__WORK INSTRUCTIONS__
Quote exactly and only this range of lines in the data below: the line that holds "Yellow Gold Plated" to the line that holds "今年一季度券商主承销业务收入排名数据来源:Choice数据", both included.

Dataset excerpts
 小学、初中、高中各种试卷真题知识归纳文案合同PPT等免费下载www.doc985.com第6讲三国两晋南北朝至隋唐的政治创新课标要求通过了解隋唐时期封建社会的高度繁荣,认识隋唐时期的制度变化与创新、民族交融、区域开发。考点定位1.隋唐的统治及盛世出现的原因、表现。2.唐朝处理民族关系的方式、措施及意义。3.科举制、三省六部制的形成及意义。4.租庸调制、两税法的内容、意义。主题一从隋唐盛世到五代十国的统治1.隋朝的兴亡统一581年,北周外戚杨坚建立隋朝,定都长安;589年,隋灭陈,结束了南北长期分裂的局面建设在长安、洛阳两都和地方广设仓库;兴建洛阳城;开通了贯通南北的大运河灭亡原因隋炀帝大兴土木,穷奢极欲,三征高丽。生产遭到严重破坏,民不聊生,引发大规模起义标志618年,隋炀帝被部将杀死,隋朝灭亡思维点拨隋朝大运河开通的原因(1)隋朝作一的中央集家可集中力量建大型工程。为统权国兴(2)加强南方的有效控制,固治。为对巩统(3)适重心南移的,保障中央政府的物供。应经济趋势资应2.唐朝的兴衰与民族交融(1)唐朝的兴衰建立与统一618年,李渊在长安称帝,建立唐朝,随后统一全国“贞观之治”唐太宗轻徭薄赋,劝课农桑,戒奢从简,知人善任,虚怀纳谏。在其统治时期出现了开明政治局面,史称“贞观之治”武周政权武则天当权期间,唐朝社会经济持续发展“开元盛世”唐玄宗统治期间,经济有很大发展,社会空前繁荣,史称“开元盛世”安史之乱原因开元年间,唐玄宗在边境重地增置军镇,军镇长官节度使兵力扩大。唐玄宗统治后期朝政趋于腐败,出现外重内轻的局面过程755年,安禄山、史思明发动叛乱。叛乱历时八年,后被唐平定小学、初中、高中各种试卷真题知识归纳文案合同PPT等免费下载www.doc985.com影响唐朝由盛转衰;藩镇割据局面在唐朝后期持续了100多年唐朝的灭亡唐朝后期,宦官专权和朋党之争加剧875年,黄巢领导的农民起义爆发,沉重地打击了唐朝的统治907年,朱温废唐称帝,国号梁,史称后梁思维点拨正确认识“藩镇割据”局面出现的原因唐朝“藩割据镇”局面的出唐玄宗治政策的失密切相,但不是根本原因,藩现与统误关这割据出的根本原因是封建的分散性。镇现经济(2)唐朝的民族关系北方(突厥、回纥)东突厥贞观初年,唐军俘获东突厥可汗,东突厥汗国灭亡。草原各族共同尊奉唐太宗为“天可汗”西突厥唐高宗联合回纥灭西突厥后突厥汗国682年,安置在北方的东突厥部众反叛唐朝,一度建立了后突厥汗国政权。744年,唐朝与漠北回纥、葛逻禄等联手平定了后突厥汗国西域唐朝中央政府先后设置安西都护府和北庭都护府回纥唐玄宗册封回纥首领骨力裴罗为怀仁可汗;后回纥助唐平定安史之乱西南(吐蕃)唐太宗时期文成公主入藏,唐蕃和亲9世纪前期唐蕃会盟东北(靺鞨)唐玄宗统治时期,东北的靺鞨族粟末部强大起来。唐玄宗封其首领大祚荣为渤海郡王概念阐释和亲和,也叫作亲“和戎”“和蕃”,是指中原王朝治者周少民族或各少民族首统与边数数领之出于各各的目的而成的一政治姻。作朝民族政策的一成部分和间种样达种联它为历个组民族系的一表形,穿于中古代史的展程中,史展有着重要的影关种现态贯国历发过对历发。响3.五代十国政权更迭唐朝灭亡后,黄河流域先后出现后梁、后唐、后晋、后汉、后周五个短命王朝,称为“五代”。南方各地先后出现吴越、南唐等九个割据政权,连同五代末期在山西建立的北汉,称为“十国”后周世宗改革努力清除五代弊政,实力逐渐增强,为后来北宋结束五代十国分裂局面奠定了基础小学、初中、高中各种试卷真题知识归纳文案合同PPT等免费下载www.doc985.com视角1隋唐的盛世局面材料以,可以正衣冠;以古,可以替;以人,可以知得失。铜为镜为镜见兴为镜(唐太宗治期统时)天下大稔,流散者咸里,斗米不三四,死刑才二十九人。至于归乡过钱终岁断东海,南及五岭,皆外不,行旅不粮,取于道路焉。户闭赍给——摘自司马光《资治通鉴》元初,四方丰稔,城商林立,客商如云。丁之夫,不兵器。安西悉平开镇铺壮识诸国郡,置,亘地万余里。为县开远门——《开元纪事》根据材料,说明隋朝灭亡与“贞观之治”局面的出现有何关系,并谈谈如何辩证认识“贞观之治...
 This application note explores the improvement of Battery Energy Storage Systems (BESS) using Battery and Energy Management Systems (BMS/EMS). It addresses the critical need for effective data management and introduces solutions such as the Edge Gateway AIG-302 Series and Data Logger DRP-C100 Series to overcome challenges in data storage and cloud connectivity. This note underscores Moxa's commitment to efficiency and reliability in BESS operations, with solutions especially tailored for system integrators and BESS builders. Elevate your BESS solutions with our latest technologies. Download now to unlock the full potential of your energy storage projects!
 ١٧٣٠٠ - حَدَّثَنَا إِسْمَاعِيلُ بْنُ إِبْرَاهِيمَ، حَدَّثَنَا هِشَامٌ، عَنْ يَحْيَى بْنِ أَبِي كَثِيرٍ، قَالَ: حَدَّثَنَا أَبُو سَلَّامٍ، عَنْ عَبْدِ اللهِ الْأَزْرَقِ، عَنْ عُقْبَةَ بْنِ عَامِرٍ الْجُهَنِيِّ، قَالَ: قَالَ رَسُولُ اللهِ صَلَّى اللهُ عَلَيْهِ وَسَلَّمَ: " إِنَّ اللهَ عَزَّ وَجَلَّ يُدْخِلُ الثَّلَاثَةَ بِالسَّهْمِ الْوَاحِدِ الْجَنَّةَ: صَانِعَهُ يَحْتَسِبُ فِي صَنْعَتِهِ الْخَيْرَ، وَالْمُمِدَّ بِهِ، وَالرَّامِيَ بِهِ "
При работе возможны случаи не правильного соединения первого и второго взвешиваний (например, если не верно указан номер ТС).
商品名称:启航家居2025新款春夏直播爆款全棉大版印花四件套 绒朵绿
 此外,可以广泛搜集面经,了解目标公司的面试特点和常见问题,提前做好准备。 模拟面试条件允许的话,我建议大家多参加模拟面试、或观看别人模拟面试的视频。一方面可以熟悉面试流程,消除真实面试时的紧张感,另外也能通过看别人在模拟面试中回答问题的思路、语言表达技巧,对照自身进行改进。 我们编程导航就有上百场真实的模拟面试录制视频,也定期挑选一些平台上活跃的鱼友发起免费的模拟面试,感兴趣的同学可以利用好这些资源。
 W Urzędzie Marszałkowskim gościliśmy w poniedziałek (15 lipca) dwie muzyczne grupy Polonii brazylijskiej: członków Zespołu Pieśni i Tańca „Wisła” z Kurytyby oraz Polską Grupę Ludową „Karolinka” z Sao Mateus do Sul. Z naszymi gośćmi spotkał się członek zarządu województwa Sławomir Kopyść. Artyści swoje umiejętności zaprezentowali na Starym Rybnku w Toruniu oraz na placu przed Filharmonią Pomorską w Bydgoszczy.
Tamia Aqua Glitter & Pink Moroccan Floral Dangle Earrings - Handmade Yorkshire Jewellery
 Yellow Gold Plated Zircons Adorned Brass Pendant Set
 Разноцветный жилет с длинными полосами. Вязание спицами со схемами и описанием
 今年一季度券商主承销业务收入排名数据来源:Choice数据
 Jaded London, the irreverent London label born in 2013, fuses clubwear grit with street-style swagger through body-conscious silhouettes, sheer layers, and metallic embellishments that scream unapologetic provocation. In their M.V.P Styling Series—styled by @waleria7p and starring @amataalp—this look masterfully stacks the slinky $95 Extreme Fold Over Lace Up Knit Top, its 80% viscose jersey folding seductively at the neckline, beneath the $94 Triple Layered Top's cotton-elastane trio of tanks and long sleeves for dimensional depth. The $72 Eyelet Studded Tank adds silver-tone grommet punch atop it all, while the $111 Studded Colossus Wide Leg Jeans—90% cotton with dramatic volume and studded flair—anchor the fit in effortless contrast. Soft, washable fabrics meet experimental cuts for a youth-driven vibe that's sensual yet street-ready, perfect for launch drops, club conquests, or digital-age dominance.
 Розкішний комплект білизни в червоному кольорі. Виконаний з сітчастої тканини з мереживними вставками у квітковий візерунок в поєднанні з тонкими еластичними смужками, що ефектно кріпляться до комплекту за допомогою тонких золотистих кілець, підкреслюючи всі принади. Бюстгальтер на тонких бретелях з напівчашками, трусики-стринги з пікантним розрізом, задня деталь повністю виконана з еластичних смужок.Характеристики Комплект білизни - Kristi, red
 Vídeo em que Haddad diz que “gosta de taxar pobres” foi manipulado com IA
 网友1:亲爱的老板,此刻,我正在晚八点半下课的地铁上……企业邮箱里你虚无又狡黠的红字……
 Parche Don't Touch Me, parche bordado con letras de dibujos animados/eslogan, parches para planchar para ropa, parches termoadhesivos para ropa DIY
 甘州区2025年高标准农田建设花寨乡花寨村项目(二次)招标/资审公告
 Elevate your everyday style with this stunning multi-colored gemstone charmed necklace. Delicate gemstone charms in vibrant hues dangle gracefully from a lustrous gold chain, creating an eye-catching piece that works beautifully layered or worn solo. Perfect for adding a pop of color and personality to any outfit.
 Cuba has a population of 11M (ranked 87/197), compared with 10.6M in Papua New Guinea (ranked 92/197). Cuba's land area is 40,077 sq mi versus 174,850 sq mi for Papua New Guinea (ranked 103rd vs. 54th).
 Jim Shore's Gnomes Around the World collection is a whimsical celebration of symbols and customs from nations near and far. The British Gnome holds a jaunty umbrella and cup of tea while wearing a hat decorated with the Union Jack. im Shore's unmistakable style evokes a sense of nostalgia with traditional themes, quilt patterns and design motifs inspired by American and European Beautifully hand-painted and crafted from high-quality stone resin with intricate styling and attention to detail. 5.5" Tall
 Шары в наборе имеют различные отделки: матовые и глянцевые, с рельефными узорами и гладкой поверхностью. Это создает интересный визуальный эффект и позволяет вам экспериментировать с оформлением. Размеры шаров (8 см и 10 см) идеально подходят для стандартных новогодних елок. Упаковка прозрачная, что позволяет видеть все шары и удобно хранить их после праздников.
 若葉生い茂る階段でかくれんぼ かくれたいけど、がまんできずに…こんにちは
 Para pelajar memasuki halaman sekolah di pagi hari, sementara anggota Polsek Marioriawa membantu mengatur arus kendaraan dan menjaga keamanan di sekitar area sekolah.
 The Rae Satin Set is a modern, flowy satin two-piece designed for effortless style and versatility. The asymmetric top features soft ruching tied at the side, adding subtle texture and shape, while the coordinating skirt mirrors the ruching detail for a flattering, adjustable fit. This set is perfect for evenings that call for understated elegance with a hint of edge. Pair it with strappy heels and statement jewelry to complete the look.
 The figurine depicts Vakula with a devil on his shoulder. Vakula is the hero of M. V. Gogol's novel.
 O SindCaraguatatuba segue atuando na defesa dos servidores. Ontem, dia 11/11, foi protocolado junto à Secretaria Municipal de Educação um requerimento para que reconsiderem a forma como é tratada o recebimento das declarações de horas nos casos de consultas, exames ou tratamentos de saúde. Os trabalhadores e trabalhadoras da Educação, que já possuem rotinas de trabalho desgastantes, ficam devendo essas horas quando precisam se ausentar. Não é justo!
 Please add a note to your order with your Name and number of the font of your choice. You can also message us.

__YOUR SOLUTION__
 Yellow Gold Plated Zircons Adorned Brass Pendant Set
 Разноцветный жилет с длинными полосами. Вязание спицами со схемами и описанием
 今年一季度券商主承销业务收入排名数据来源:Choice数据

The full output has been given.